Hi @AlessiaCaramello , you don't actually need to run the QC metrics. If you are using your own data, just use the thresholds for QC that you had used to determine the cell type clusters. I have updated most of the code already to not use scater for QC, but I need time that I don't have right now to finish it. I used the following code to filter the data using our previous thresholds (generally I would bring in my filtered raw counts and not perform re-filtering). I plan to have the lesson finished and updated by the end of summer.

## Check the assays present
assays(sce)

## Explore the raw counts for the dataset
dim(counts(sce))

counts(sce)[1:6, 1:6]

## Explore the cellular metadata for the dataset
dim(colData(sce))

head(colData(sce))

# Named vector of cluster names
kids <- purrr::set_names(levels(sce$cluster_id))
kids

# Total number of clusters
nk <- length(kids)
nk

# Named vector of sample names
sids <- purrr::set_names(levels(sce$sample_id))

# Total number of samples 
ns <- length(sids)
ns

# Generate sample level metadata

## Determine the number of cells per sample
table(sce$sample_id)

## Turn named vector into a numeric vector of number of cells per sample
n_cells <- as.numeric(table(sce$sample_id))
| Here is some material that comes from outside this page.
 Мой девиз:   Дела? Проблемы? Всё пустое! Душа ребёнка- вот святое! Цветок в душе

## Determine how to reorder the samples (rows) of the metadata to match the order of sample names in sids vector
m <- match(sids, sce$sample_id)

## Create the sample level metadata by combining the reordered metadata with the number of cells corresponding to each sample.
ei <- data.frame(colData(sce)[m, ], 
                 n_cells, row.names = NULL) %>% 
  select(-"cluster_id")
ei

## Keep previously filtered cells
counts <- GetAssayData(object = filtered_seurat, slot = "counts")
rownames(counts) %>% head()
colnames(counts) <- colnames(counts) %>% str_replace_all(pattern = "ctrl_", replacement = "")
colnames(counts) <- colnames(counts) %>% str_replace_all(pattern = "stim_", replacement = "")
length(which(colnames(counts) %in% colnames(sce)))

length(rownames(counts))

filtered_sce <- sce[which(rownames(sce) %in% rownames(counts)), ]
filtered_sce <- filtered_sce[ , which(colnames(filtered_sce) %in% colnames(counts)), ]
dim(filtered_sce)

saveRDS(filtered_sce, "data/filtered_sce.rds")

sce <- filtered_sce

Hi @marypiper, thanks so much for your quick reply!

Just FYI, we actually solved it using addPerCellQCMetrics() but taking in consideration that sce$total_features_by_counts is being renamed to sce$detected.
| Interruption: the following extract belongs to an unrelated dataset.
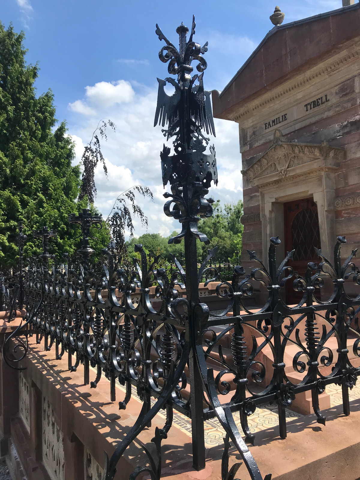 De vier zijden van het dak zijn voorzien van driehoekige frontons met akroteria in terra uitvoering, en een vaas midden op het fronton van de voorgevel, alsmede een kruis op de nokbalk in lichte kleurstelling. Op de frontons van de zijgevels zijn twee kruismotieven in reliëf geplaatst, op die van de voorgevel de woorden Grabstätte en Familie Tyrell op de fries. De ingangspartij bestaat uit een houten deur in een stenen omlijsting met sprongsgewijs verlopende bovendorpel; het driehoekig portaalfronton is rijk versierd met palmetten aan de bovenzijde.

# Calculate quality control (QC) metrics
sce <- addPerCellQCMetrics(sce)

# Get cells w/ few/many detected genes
sce$is_outlier <- isOutlier(
  metric = sce$detected,
  nmads = 2, type = "both", log = TRUE)

It's true QC is done before, although I can see the total number of cells is reduced by ~4k cells (from 29k to 25k) after removing outliers at this stage. Is it worth doing this second QC anyway?

[marypiper]

@AlessiaCaramello, thanks for sharing your code! In our practice, we do not generally remove 'outliers' using a function like this. We prefer to explore our data and choose thresholds appropriate for our dataset. That being said, we do often use minimum genes detected thresholds, to remove poor quality cells, but we don't usually use maximum genes detected thresholds, which are sometimes used to identify doublets; we find they do not accurately identify doublets and instead filter out quality cells.

Thanks again for your issue and response!

[marypiper]

I have updated the code to use previously filtered object. There is no longer any requirement for the scater package.